Your goal —
In the entries below, begin at the line that has "Nestled in the", stop after the line that has "A partir da", and output those lines exactly with no pictures.

Data items
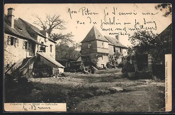 AK Objat, Vue de Labradie avec maisons traditionnelles et chemin rural
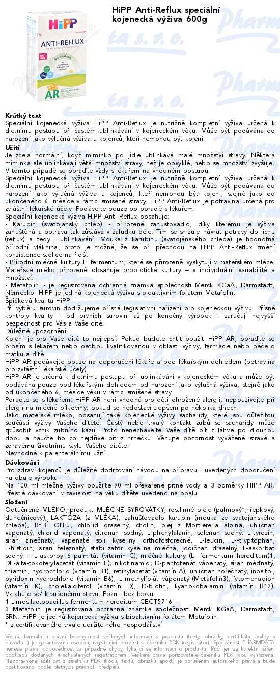 HiPP Anti-Reflux speciální kojenecká výživa 600g
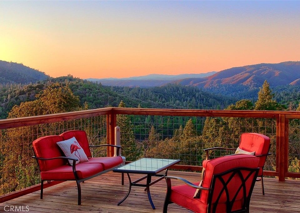 Nestled in the serene hills of Mariposa, this enchanting home, surrounded by the beauty of nature, beckons with a circular driveway and over 5 acres of secluded bliss, offering panoramic mountain views that paint the backdrop of your everyday life. The open-concept kitchen becomes the heart of this abode, providing not only culinary convenience but also a perfect setting for entertaining, seamlessly connecting to the living room adorned with a wood stove, beautiful wood floors, and expansive windows that invite the outdoors in. Head out onto the covered porch with oversized deck space and hot tub to an ideal spot for relishing summer nights in the cool mountain air.
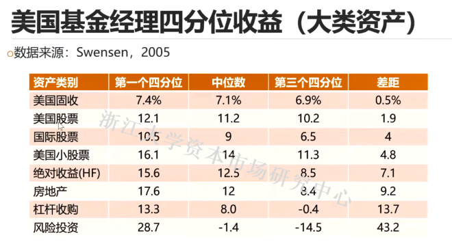 美国固收的上下四分位的差距只有0.5% ,对于此类型最好做被动型投资,因为付出的努力最大的回报空间只有0.5%;而风险投资收益的中位数是负的,但如果能分辨出项目的好坏,最大的收益可以达到43.2%。
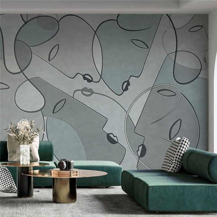 Mural personalizado Contemporáneo, Rostros Abstractos en Tonos Verdes y Azulados, Affreschi & Affreschi Innerline IL103, diseñado por Maria Dalli. Precio para la medida: 400 x 280 cm.
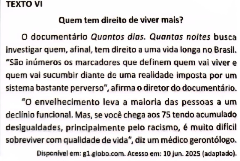A partir da leitura dos textos motivadores e com base nos conhecimentos construídos ao longo de sua formação, redija um texto dissertativo-argumentativo em modalidade escrita formal da língua portuguesa sobre o tema "Perspectivas acerca do envelhecimento na sociedade brasileira", apresentando proposta de intervenção que respeite os direitos humanos. Selecione, organize e relacione, de forma coerente e coesa, argumentos e fatos para a defesa de seu ponto de vista
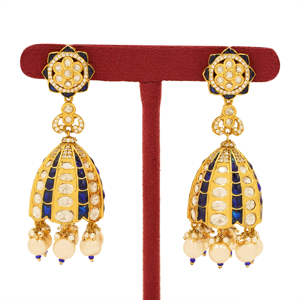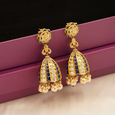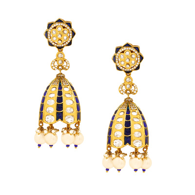 DESCRIPTION - ELEVATE YOUR TRADITIONAL LOOK WITH THESE EXQUISITELY CRAFTED ROYAL POLKI DROP EARRINGS. FEATURING A FLORAL-INSPIRED STUD TOP AND AN ELEGANT DOME-SHAPED DROP, THESE EARRINGS ARE ADORNED WITH SHIMMERING POLKI-STYLE STONES, DEEP ROYAL BLUE ENAMEL ACCENTS, AND LUSTROUS PEARL DROPS. THE INTRICATE GOLD-TONED DETAILING ADDS A TOUCH OF REGAL CHARM, MAKING THEM PERFECT FOR WEDDINGS, FESTIVE OCCASIONS, AND GRAND CELEBRATIONS. A TIMELESS STATEMENT PIECE THAT BLENDS HERITAGE ARTISTRY WITH REFINED ELEGANCE.
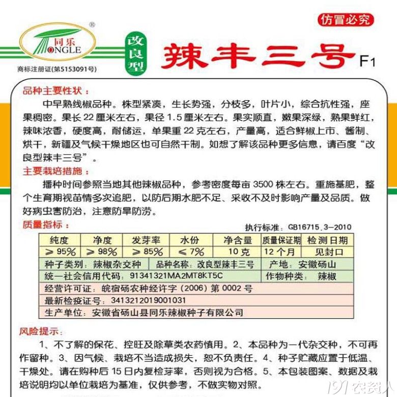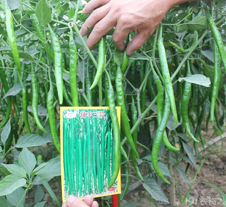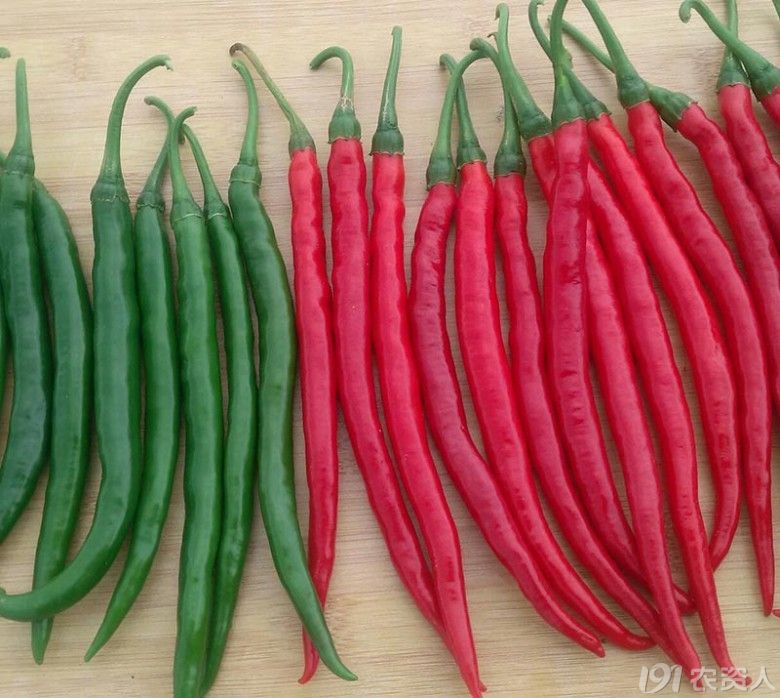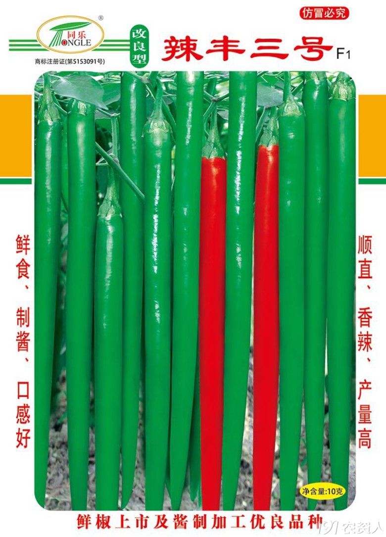 改良型辣丰三号属中熟线椒品种。植株生长势较强,株型好,分枝多,叶片小,果顺直,长22厘米左右,果宽约1.5厘米。青果深绿色,老熟果红色鲜艳,果实硬度好,耐储运,单果重22克左右,辣味浓香,坐果性好,综合抗性强,适合藓椒上市或酱制加工。如想了解该品种更多信息,请百度“改良型辣丰三号”。
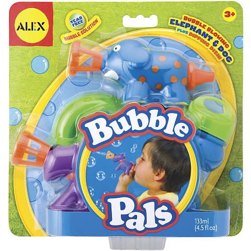 Blow lots of bubbles with 2 bubble wand pals! Comes with a dipping dish, tear free bubble solution 4.5 fl oz/133ml.
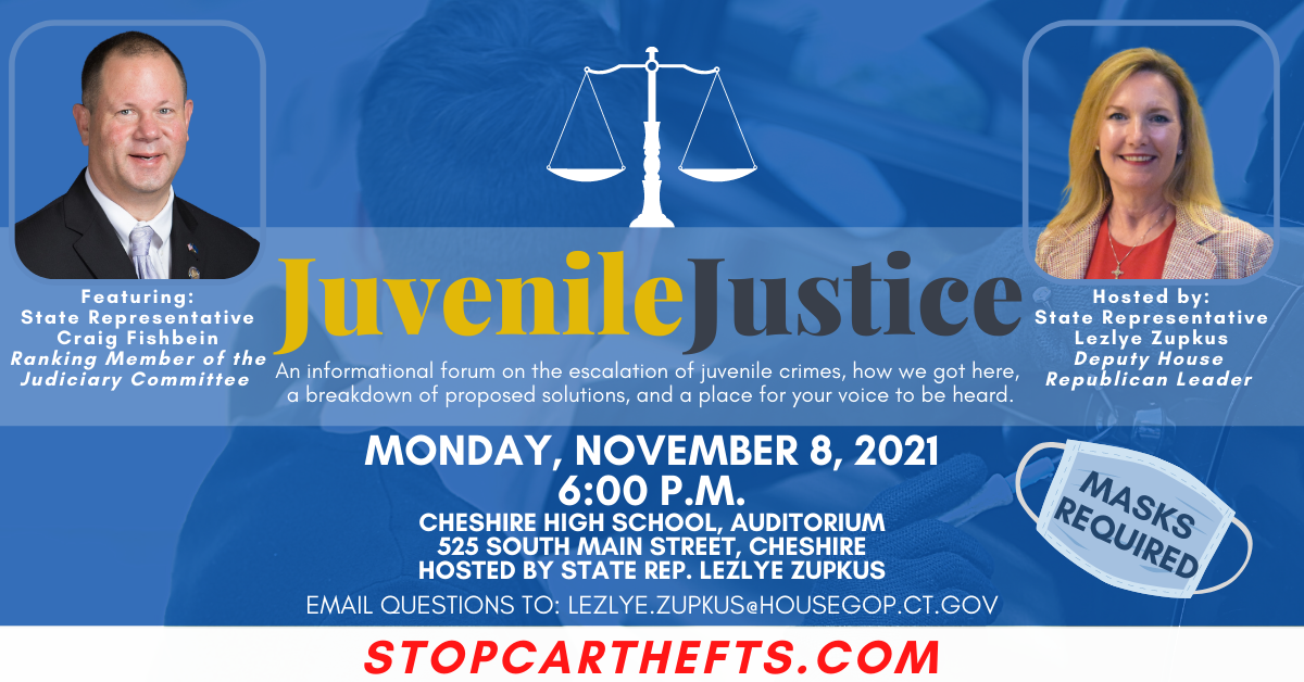 Responding to the concerns of residents statewide who are alarmed by the rise in juvenile crime, most especially the rampant increase in incidents of motor vehicle thefts, Ranking Member of the Judiciary Committee Craig Fishbein and I will be hosting a Juvenile Justice Forum on Monday, November 8 at Cheshire High School.

Response —
 Nestled in the serene hills of Mariposa, this enchanting home, surrounded by the beauty of nature, beckons with a circular driveway and over 5 acres of secluded bliss, offering panoramic mountain views that paint the backdrop of your everyday life. The open-concept kitchen becomes the heart of this abode, providing not only culinary convenience but also a perfect setting for entertaining, seamlessly connecting to the living room adorned with a wood stove, beautiful wood floors, and expansive windows that invite the outdoors in. Head out onto the covered porch with oversized deck space and hot tub to an ideal spot for relishing summer nights in the cool mountain air.
 美国固收的上下四分位的差距只有0.5% ,对于此类型最好做被动型投资,因为付出的努力最大的回报空间只有0.5%;而风险投资收益的中位数是负的,但如果能分辨出项目的好坏,最大的收益可以达到43.2%。
 Mural personalizado Contemporáneo, Rostros Abstractos en Tonos Verdes y Azulados, Affreschi & Affreschi Innerline IL103, diseñado por Maria Dalli. Precio para la medida: 400 x 280 cm.
A partir da leitura dos textos motivadores e com base nos conhecimentos construídos ao longo de sua formação, redija um texto dissertativo-argumentativo em modalidade escrita formal da língua portuguesa sobre o tema "Perspectivas acerca do envelhecimento na sociedade brasileira", apresentando proposta de intervenção que respeite os direitos humanos. Selecione, organize e relacione, de forma coerente e coesa, argumentos e fatos para a defesa de seu ponto de vista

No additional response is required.